Скажи, Р. Просто скажи.
Кладу фотографию на стол и ухожу. Без слов.
Я иду в аэропорт. Что меня там ждет? Не знаю, может, окончательная смерть? Я наделал столько шуму, что Кости вполне могут избавиться от меня, как от заразы. Но я снова один. Мой мир мал, и особого выбора нет. Я не знаю, куда еще податься.
На машине путь занял бы сорок минут. Пешком придется идти весь день. Я иду. Ветер меняет направление, и вчерашний грозовой фронт подползает все ближе. Тучи кружат по горизонту, медленно стягивая голубое небо в кольцо, как гиганткая фотодиафрагма. Я иду быстро, чеканя шаг, почти марширую. Голубой кружочек над головой сначала сереет, потом синеет, наконец, тучи схлопываются. Начинается дождь. Льет как из ведра, так что вчерашний ливень кажется не более чем водяной дымкой у овощного лотка. Самое удивительное, что мне холодно. Вода насквозь пропитывает мою одежду, заливается в каждую пору — и я дрожу. Несмотря на то что в последнее время я до неприличия часто предавался сну, он опять манит в свои объятия. Уже третью ночь подряд.
Спускаюсь на следующем съезде и забираюсь в огороженный треугольник, заросший зеленью, между шоссе и дорогой. Проламываюсь через кусты к рощице из десятка кедров, посаженных в строгом порядке для услаждения взора автомобильных призраков. Съеживаюсь под одним из деревьев — хоть какое-то укрытие — и закрываю глаза. На горизонте, как старая лампочка, мелькает молния. Гром отдается в моих костях, я погружаюсь во тьму.

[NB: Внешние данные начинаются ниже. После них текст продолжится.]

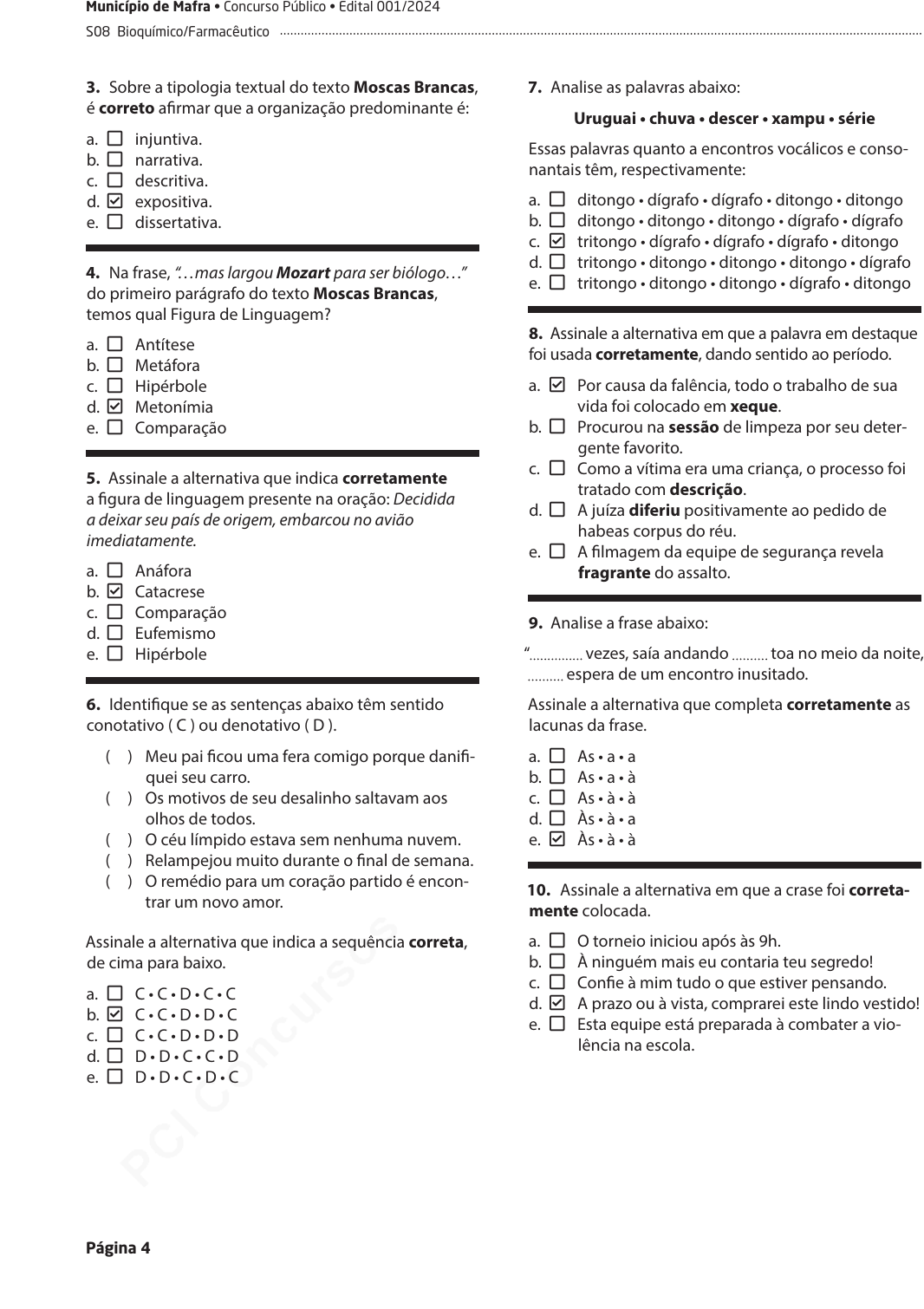 pcimarkpci MDAwMDowMDAwOjAwMDA6MDAwMDowMDAwOmZmZmY6YmZiOTphZTA5:VGh1LCAyNyBNYXIgMjAyNSAwMTowMzowNiAtMDMwMA== www.pciconcursos.com.br Página 4 Município de Mafra • Concurso Público • Edital 001/2024 S08 Bioquímico/Farmacêutico 3. Sobre a tipologia textual do texto Moscas Brancas, é correto afirmar que a organização predominante é: a. SQUARE injuntiva. b. SQUARE narrativa. c. SQUARE descritiva. d. Check-square expositiva. e. SQUARE dissertativa. 4. Na frase, “…mas largou Mozart para ser biólogo…” do primeiro parágrafo do texto Moscas Brancas, temos qual Figura de Linguagem? a. SQUARE Antítese b. SQUARE Metáfora c. SQUARE Hipérbole d. Check-square Metonímia e. SQUARE Comparação 5. Assinale a alternativa que indica corretamente a figura de linguagem presente na oração: Decidida a deixar seu país de origem, embarcou no avião imediatamente. a. SQUARE Anáfora b. Check-square Catacrese c. SQUARE Comparação d. SQUARE Eufemismo e. SQUARE Hipérbole 6. Identifique se as sentenças abaixo têm sentido conotativo ( C ) ou denotativo ( D ). ( ) Meu pai ficou uma fera comigo porque danifi- quei seu carro. ( ) Os motivos de seu desalinho saltavam aos olhos de todos. ( ) O céu límpido estava sem nenhuma nuvem. ( ) Relampejou muito durante o final de semana. ( ) O remédio para um coração partido é encon- trar um novo amor. Assinale a alternativa que indica a sequência correta, de cima para baixo. a. SQUARE C • C • D • C • C b. Check-square C • C • D • D • C c. SQUARE C • C • D • D • D d. SQUARE D • D • C • C • D e. SQUARE D • D • C • D • C 7. Analise as palavras abaixo: Uruguai • chuva • descer • xampu • série Essas palavras quanto a encontros vocálicos e conso- nantais têm, respectivamente: a. SQUARE ditongo • dígrafo • dígrafo • ditongo • ditongo b. SQUARE ditongo • ditongo • ditongo • dígrafo • dígrafo c. Check-square tritongo • dígrafo • dígrafo • dígrafo • ditongo d. SQUARE tritongo • ditongo • ditongo • ditongo • dígrafo e. SQUARE tritongo • ditongo • ditongo • dígrafo • ditongo 8. Assinale a alternativa em que a palavra em destaque foi usada corretamente, dando sentido ao período. a. Check-square Por causa da falência, todo o trabalho de sua vida foi colocado em xeque. b. SQUARE Procurou na sessão de limpeza por seu deter- gente favorito. c. SQUARE Como a vítima era uma criança, o processo foi tratado com descrição. d. SQUARE A juíza diferiu positivamente ao pedido de habeas corpus do réu. e. SQUARE A filmagem da equipe de segurança revela fragrante do assalto. 9. Analise a frase abaixo: “ vezes, saía andando toa no meio da noite, espera de um encontro inusitado. Assinale a alternativa que completa corretamente as lacunas da frase. a. SQUARE As • a • a b. SQUARE As • a • à c. SQUARE As • à • à d. SQUARE Às • à • a e. Check-square Às • à • à 10. Assinale a alternativa em que a crase foi correta- mente colocada. a. SQUARE O torneio iniciou após às 9h. b. SQUARE À ninguém mais eu contaria teu segredo! c. SQUARE Confie à mim tudo o que estiver pensando. d. Check-square A prazo ou à vista, comprarei este lindo vestido! e. SQUARE Esta equipe está preparada à combater a vio- lência na escola. pcimarkpci MDAwMDowMDAwOjAwMDA6MDAwMDowMDAwOmZmZmY6YmZiOTphZTA5:VGh1LCAyNyBNYXIgMjAyNSAwMTowMzowNiAtMDMwMA== www.pciconcursos.com.br Página 5 Município de Mafra • Concurso Público • Edital 001/2024 S08 Bioquímico/Farmacêutico 14. Assinale a alternativa na qual todas os vocábulos foram escritos segundo a nova ortografia. a. Check-square ultrarromântico • circum-navegação • anti-inflamatório • antirracista b. SQUARE ultrarromântico • circum-navegação • anti-inflamatório • anti-racista c. SQUARE ultra-romântico • circumnavegação • antiinflamatório • antirracista d. SQUARE ultra-romântico • circumnavegação • anti-inflamatório • anti-racista e. SQUARE ultra-romântico • circum-navegação • antiinflamatório • antirracista 15. Assinale a alternativa em que a pontuação do período abaixo está correta. a. SQUARE Nossas retinas têm, dois tipos de células detec- toras de luz; os bastonetes, responsáveis pela visão em preto e branco, e os cones, que nos dão as cores. b. SQUARE Nossas retinas, têm dois tipos de células, detec- toras de luz. Os bastonetes, responsáveis pela visão em preto e branco, e os cones, que nos dão as cores. c. SQUARE Nossas retinas, têm dois tipos de células, detec- toras de luz, “os bastonetes responsáveis pela visão em preto e branco”, e “os cones, que nos dão as cores”. d. SQUARE Nossas retinas têm dois tipos de células detec- toras de luz…, os bastonetes responsáveis pela visão em preto e branco e os cones que nos dão as cores. e. Check-square Nossas retinas têm dois tipos de células detec- toras de luz: os bastonetes, responsáveis pela visão em preto e branco, e os cones, que nos dão as cores. Conhecimentos Gerais 5 questões 16. Assinale a alternativa que aponta corretamente municípios limítrofes do município de Mafra. a. SQUARE Itaiópolis, Joinville e Piên b. Check-square Três Barras, Papanduva e Rio Negro c. SQUARE Rio Negro, Monte Castelo e Irienopólis d. SQUARE Rio Negrinho, Pato Branco e Antonio Olinto e. SQUARE Papanduva, Bela Vista do Toldo e Timbó Grande 11. Analise as colocações pronominais nas frases abaixo. 1. Fique tranquila, tudo ficará entre mim e você. 2. Para mim chegar cedo, preciso sair agora. 3. Ela não iria sem mim! Assinale a alternativa que indica todas as frases corre- tas quanto as colocações pronominais. a. SQUARE É correta apenas a frase 1. b. SQUARE É correta apenas a frase 2. c. SQUARE É correta apenas a frase 3. d. SQUARE São corretas apenas as frases 1 e 2. e. Check-square São corretas apenas as frases 1 e 3. 12. Assinale a alternativa em que a frase está correta de 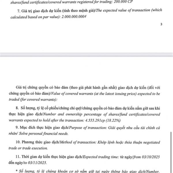 + 7 % cổ phiếu đã được ubck chấp nhận 17/12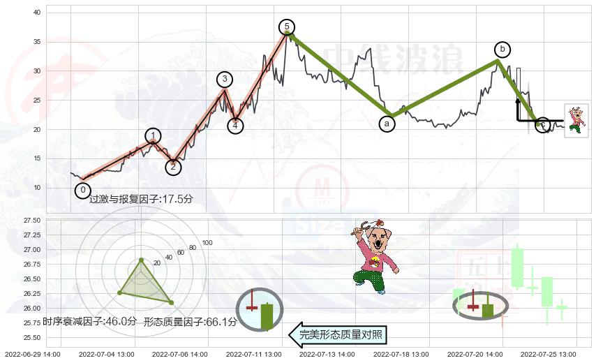➢ 🕰 价格走势在2022-07-26 13:00:00至2022-07-26 14:00:00期间形成底部尽头线(上山虎),残存影响值:6.42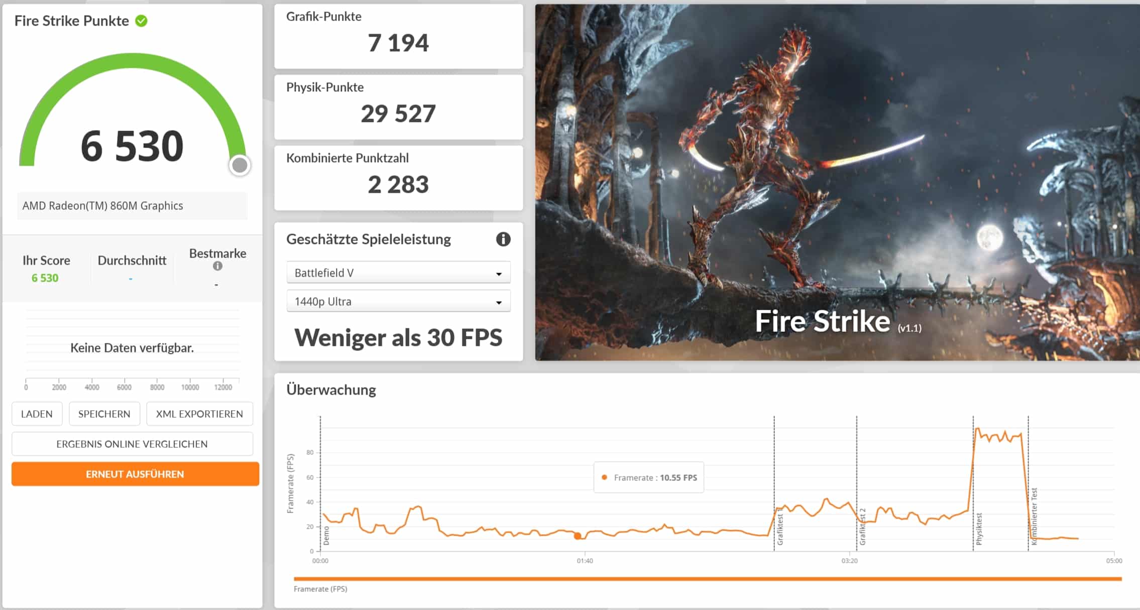 | Fire Strike Gesamt | 6.530 Pkt. |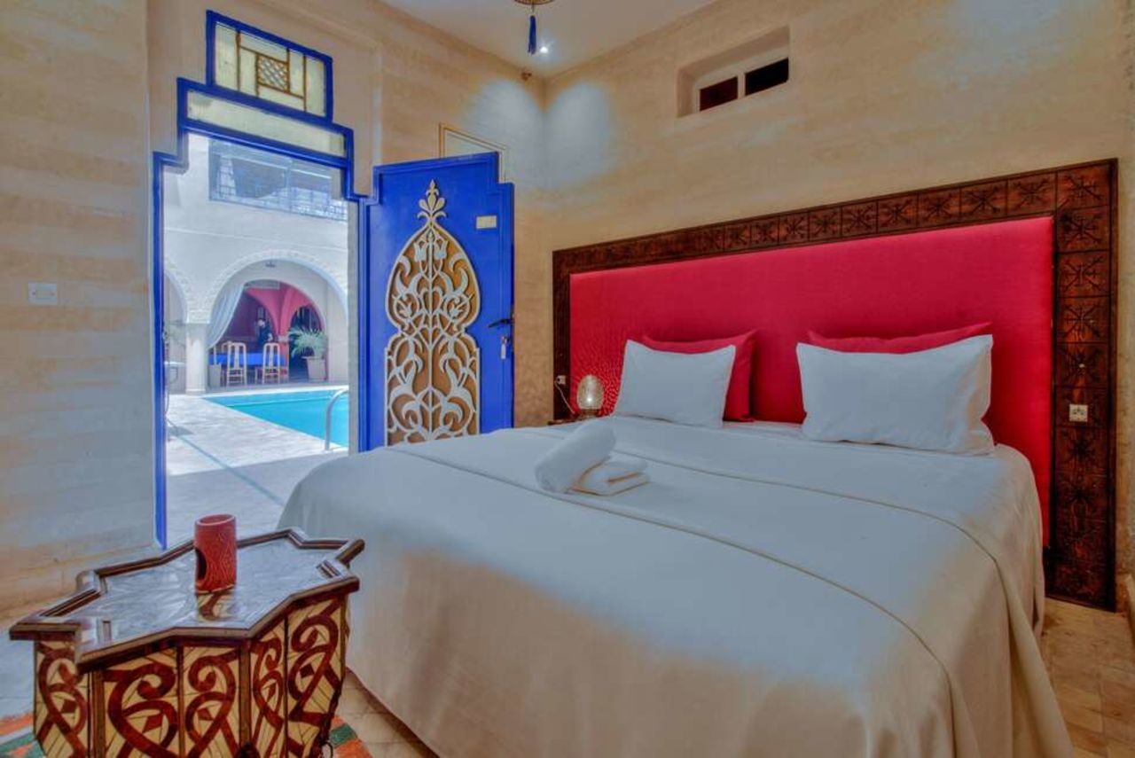 😍 Stap binnen in de sprookjeswereld van Marrakesh bij Riad La Villa Bleue. Deze stijlvolle riad met kleurrijke kamers, een prachtige binnenplaats met zwembad 💦 en een sfeervol restaurant is een plaatje om te zien. Perfect voor een luxe ciitytrip met Marokkaanse flair.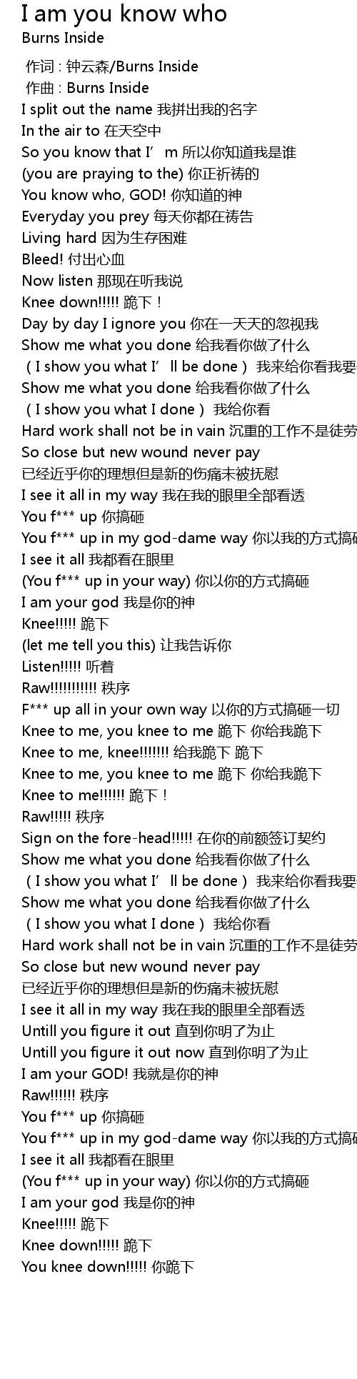 | [00:08.365] | You know who, GOD! nǐ zhī dào de shén |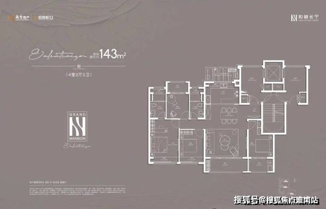 户型特点:120㎡三房为类独立电梯厅设计,南北通透,三开间朝南,主卧套房配置,双阳台 + 飘窗设计,实得率约 88%;143㎡四房一梯一户,四开间朝南 + 大宽厅,南向约 8 米超跑级阳台,主卧贯穿南北套房设计,南北双飘窗,实得率超 92%。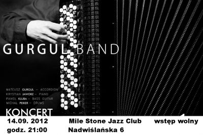 GURGUL BAND powstał w 2011 roku. W jego skład wchodzi czterech muzyków, absolwentów krakowskiej i katowickiej akademii muzycznej: Mateusz Gurgul – accordion, Krystian Jaworz – piano, Paweł Kluba – bass oraz Michał Peiker – drums. Mieszanka talentów, fascynacji oraz charakterów wpływa na oryginalność muzyki GURGUL BANDU, oscylującej pomiędzy jazzem a muzyką filmową. Obecnie zespół kończy nagrania do pierwszego albumu złożonego wyłącznie z autorskich kompozycji.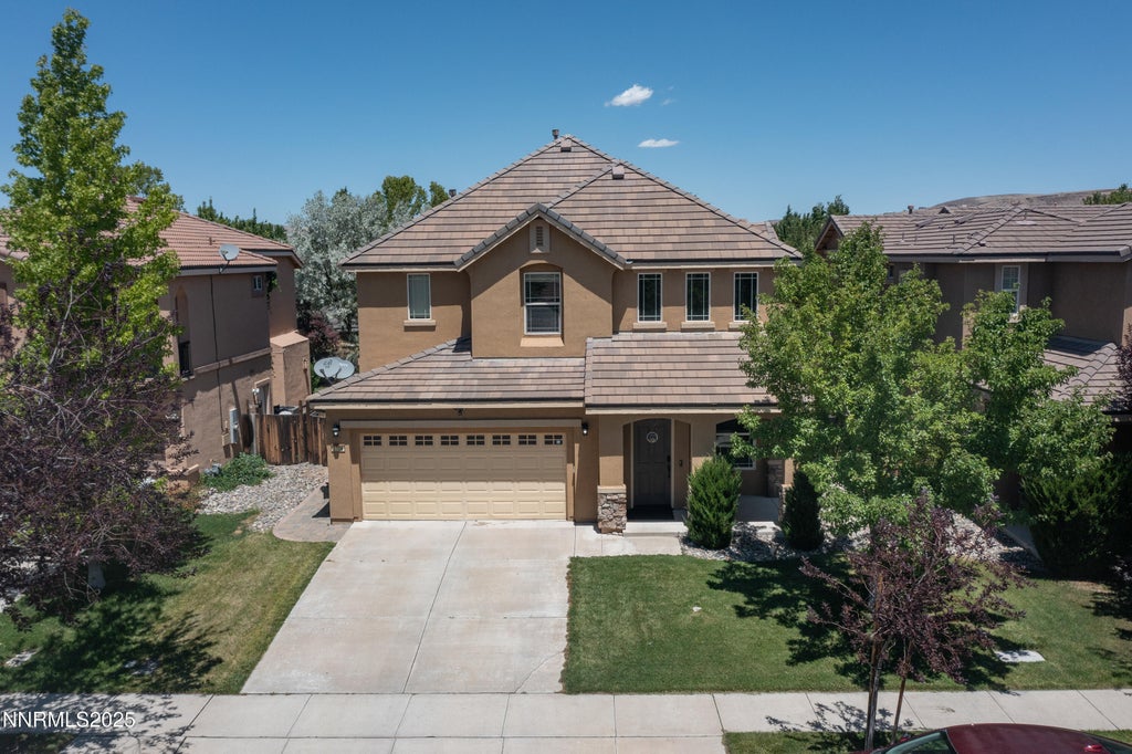 This spacious two-story home offers 2,554 square feet of well-designed living space, featuring 4 bedrooms plus a bonus office/den located on the second floor. Ideally situated near Red Hawk Golf Course, shopping, and scenic trails, this home blends comfort and convenience. The main floor includes both a formal living room and a cozy family room, a formal dining room, and a downstairs bedroom with a full bathroom just steps away—perfect for guests or multigenerational living. The kitchen is a chef's dream with a large pantry, generous counter space, built-in wine refrigerator, and a functional island. Upstairs, the primary suite offers a retreat-like feel with dual sinks, a soaking tub, shower stall, and a spacious walk-in closet. Energy efficiency and modern living are top priorities with Tesla solar panels, an EV charger in the garage, and two Tesla Powerwalls for battery backup that are 100 percent paid for! The beautifully landscaped backyard features a gazebo and backs directly to a walking trail, offering privacy and access to the outdoors. This home has it all—space, location, and sustainability.

Мы с Джули в "боинге". Я сразу понимаю, что это сон. Настоящий, даже не повтор очередной серии из жизни Перри Кельвина. Все, что я вижу, — мое собственное. По сравнению с первой попыткой в аэропорту картинка улучшилась, но если сравнивать с безупречным кинематографическим качеством видений Перри, она все равно смахивает на неуклюжее домашнее видео.
Поджав ноги, мы с Джули сидим друг напротив друга на белоснежном крыле самолета, парящего над облаками. Наши волосы тормошит ветер, но не сильнее, чем если бы мы ехали в родстере.
— Теперь тебе еще и сны снятся? — спрашивает Джули.
Нервно улыбаюсь:
— Похоже на то.
В ответ Джули не улыбается, а смотрит на меня холодным взглядом.
— Значит, пока ты не связался с девчонкой, тебе не о чем было видеть сны. Ты как школьник, которому больше не о чем в дневник писать.
Мы уже не в небе — мы сидим на зеленом, залитом солнцем пригородном газоне. На заднем плане чудовищно толстая парочка жарит на гриле куски человеческого мяса. Я стараюсь отвлечь внимание Джули на себя, так чтобы она их не заметила.
— Я меняюсь.
— Наплевать, — отвечает она. — Я уже дома. Я вернулась в реальный мир, где тебя не существует. Каникулы закончились.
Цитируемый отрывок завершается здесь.